The next question is, who are the right participants? What we've found is one of the largest costs in doing usability research is finding the participants and filling those slots so they can actually meet your schedule. To get five slots, we usually have to reach out to about 200 people to fill those five slots in a given week.
To simplify our lives, what we've done is we've designed personas. We say, "Okay, since I'm working on identity management, the three key personas I'm looking for are my team lead, the account administrator, and the end-user developer." As long as I understand who those are and I can describe them, I can go to my recruiter and they can build pools of people that have already been pre-filtered to match those personas.
So when they hear on Monday, "Hey, we need something that's going to be developer-focused," or, "We need developer personas to show up in the lab," they already have a group that they can pull from. It's not starting from scratch.
Next, we choose what the right lab setting is to test these. Traditionally, we're in our traditional usability lab, which is, as anybody that's done a usability lab before, simple behind the glass, lots of video monitors, eye-tracking software, et cetera, and all of the engineers are sitting behind the glass, hopefully not making snarky comments about the users as they go through the experience.
We also have other types of labs. We have a more living-room-style lab. Not really used as much for the developer community, but you can imagine people working on Xbox are going to want to have labs that are a little more conducive to their home environments.
Next is execution. Execution is pretty simple. It's what you've seen in any other usability study if you've participated before. Somebody comes in, you introduce yourself, you get them situated, you go behind the glass, and you basically walk them through tasks.
We found that the optimal number is three tasks. Any more than that, we run out of time, and we don't get to go as in-depth as we want to.
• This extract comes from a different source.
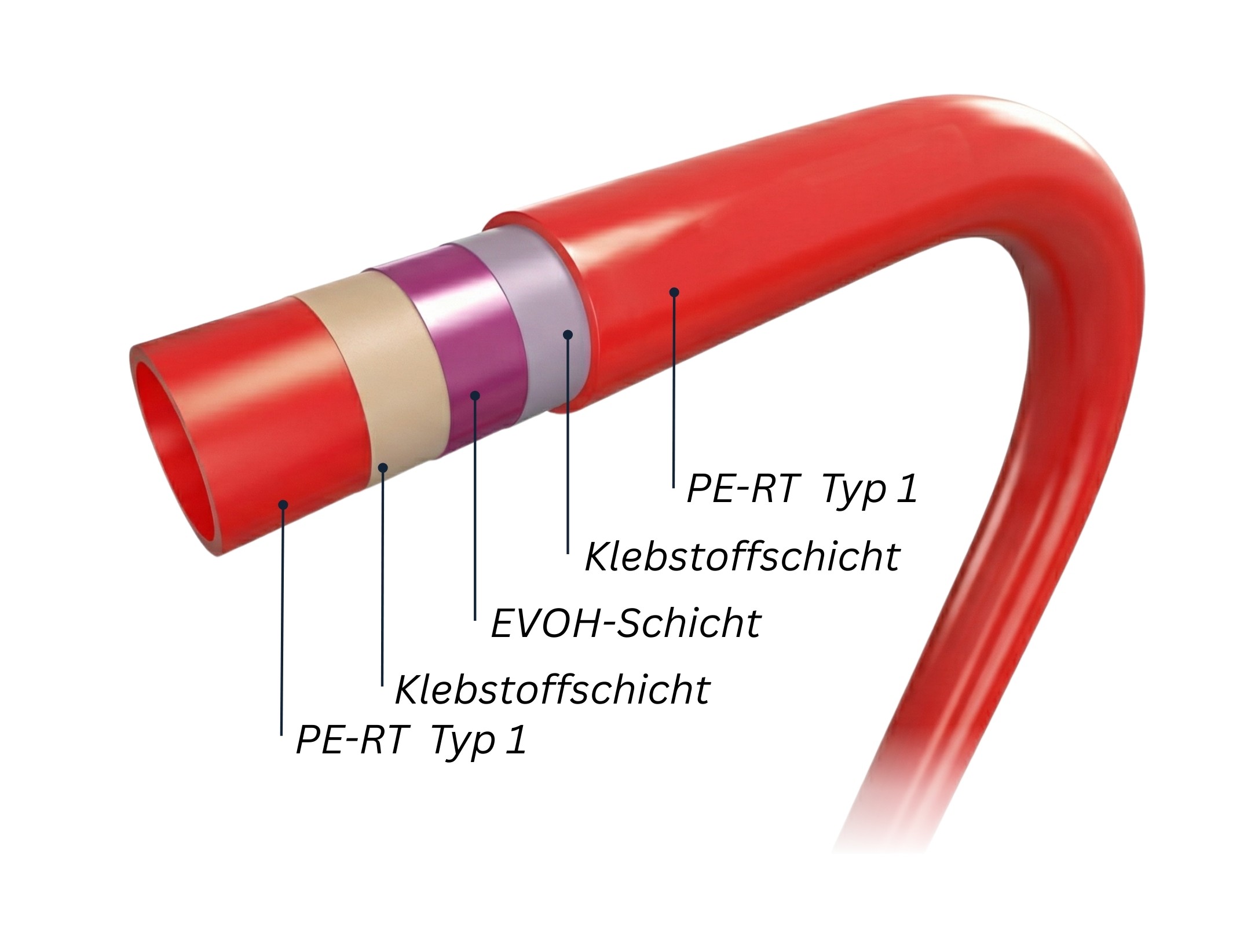 5-Schicht PE-RT Heizrohr mit EVOH-Sauerstoffsperrschicht nach DIN 4726, ausgelegt für Fußbodenheizungen und diffusionsdicht. Hergestellt von einem deutschen Hersteller.

Essentially, the usability researcher is that one voice coming over the speaker, and they're the ones dictating how or guiding the user through the experience and completing those three tasks.
Afterwards, as I mentioned, Thursdays are debriefing. Again, the goal of the debrief is to come away with what are our takeaways. What are the action items that we're going to go incorporate in the design? This is not, what did users like and what did they dislike? It's not a superficial check-the-checklist type of discussion. It's really an analysis of what can we do different. How did us going, spending five hours in the lab change the design? What impact do we want to have? And how are we going to follow up and measure that impact? Those are all the types of things we're looking for in the debrief.
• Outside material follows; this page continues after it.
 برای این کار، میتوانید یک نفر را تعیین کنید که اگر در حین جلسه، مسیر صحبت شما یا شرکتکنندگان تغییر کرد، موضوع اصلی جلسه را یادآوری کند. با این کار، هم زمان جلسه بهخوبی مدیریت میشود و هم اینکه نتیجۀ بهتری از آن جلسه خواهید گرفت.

Lastly, the most important part is communication. You're only having five people participating in this. You want the broader community to know, A, that it's happening, and B, to sympathize and learn from what you're doing.
Here's an example of one of those emails that Ally sent back in July when we ran one of the studies. You can see her key. There's a lot more stuff below the screen, and there's a bunch of links to other documents that she's built, but it only took her a couple hours to put this email together. She was able to quickly distill her learnings when she was trying to understand how people would invite users into an account. We were able to take that feedback and bring it right back to the engineers, incorporate it in the design, and the next week, they actually started building the feature.
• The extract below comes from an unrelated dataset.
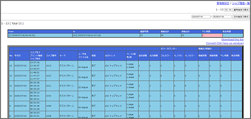 [Convert CSV (pop up window)] | 別ウィンドウに CSV形式で[ジョブ履歴一覧]画面を表示します。 | |

As a quick recap of this, it works really well with specific sprint work. It's less successful for larger strategic plays. It's great for things you want to demo or doing quick UI fixes, simple navigation changes. Paper prototypes work really well here. High fidelity is something we actually try to do a lot more often because it's a little more sympathetic to the user base.
What it doesn't really work well with are really large studies where you need to get tens if not hundreds of users giving you feedback to make sure your interactions are correct. This is not going to work for that study.
With that said, this is only one of the ways that we actually incorporate feedback. We're still a data-driven, or what we like to call a data-informed, culture. We've tried to take the work of Eric Ries in The Lean Startup, the build-measure-learn philosophy, and bring that back to our engineering and our design teams as a regular part, because that qualitative feedback we get is equally important to what we get in the lab before we're actually shipping our software.
Basically, the idea of build-measure-learn is to be able to design a hypothesis before you ship your software. As you're doing your design, think about what you want to learn from it. Ship it. Experiment. Nothing beats actually getting the software out the door. You can't cheat shipping. Once you get it out the door, learn from that, and then incorporate that feedback back into the design for the next iteration.
We like to say, "Once we ship, we're not done." That's kind of the beginning of our journey as engineers and as product owners.
As an example of that, one of the things we started to do is what we call launch-and-learn emails. Every time one of the program managers on our team ships a feature, the expectation is within a couple weeks after shipping the feature, they're going to write a broad email. You can see that it's going to the whole Agile team, so you're talking about 100 people there.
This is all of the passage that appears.